Ловушка горше смерти - Светлана Климова
Шрифт:
Интервал:
Закладка:
Однако твердость походки и целеустремленный вид одинокого пешехода, по-видимому, произвели впечатление, и ПМГ, набрав скорость, отвалила.
Марку стало жарко. Он дернул ворот куртки, с треском освобождая кнопки.
Еще десять минут ходу — и слева стал, виден освещенный подъезд гостиницы «Космос», Гигантский хомут самого здания был темен, зато внизу все еще шла какая-то жизнь, слышались голоса, по ступеням с грохотом скатывали тележку для ручной клади, бормотал двигатель такси.
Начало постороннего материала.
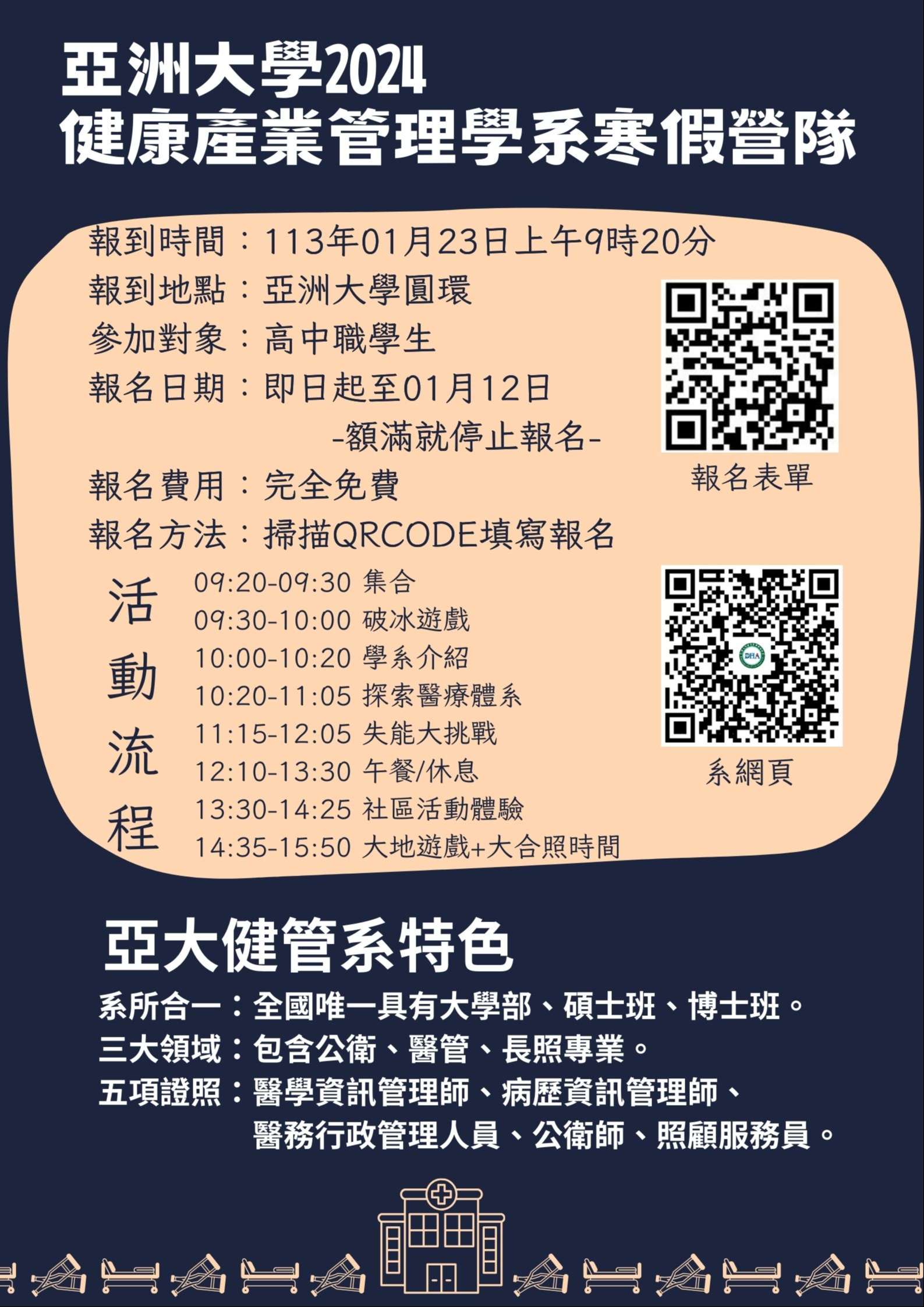主旨:本校健康產業管理學系訂於113年1月23日舉辦2024年健管系寒假營隊,敬邀貴校學生報名參加,請查照。

Все звуки в ночи казались совершенно отдельными и какими-то выпуклыми.
Без чего-то три он был у своего подъезда, к которому никак не мог привыкнуть. Странно было стоять в стеклянной коробке, не видя вокруг себя стен, в ожидании лифта, с потусторонним воем сползавшего с двадцатого этажа. Дом этот возник напротив главного входа выставки в самом начале семидесятых и долгое время числился экспериментальным. Плоское, как лист фанеры, двадцатипятиэтажное сооружение было вознесено над землей на бетонных опорах, и между днищем постройки и землей оставался просвет в один этаж. Подъездами служили застекленные продолжения шахт подъемников, а само сооружение, особенно при восточном ветре, ощутимо раскачивалось, поначалу пугая жильцов. Говорили, что на самой верхотуре колебания достигают метра. Но и у себя на двенадцатом, где Марк выменял двухкомнатную на родительские три, пол ощутимо похаживал под ногами, создавая общее ощущение непрочности существования. Марку нравилось, Дмитрий же, человек основательный, бывая у него, поругивал архитекторов, на что Марк поднимал палец к потолку и дурашливо басил: «Мементо мори!» Зато объемы здесь были совсем иными, чем в их прежнем курятнике, и любая живопись на этих стенах смотрелась как должно, будь то хоть простыня Семирадского размерами два на три.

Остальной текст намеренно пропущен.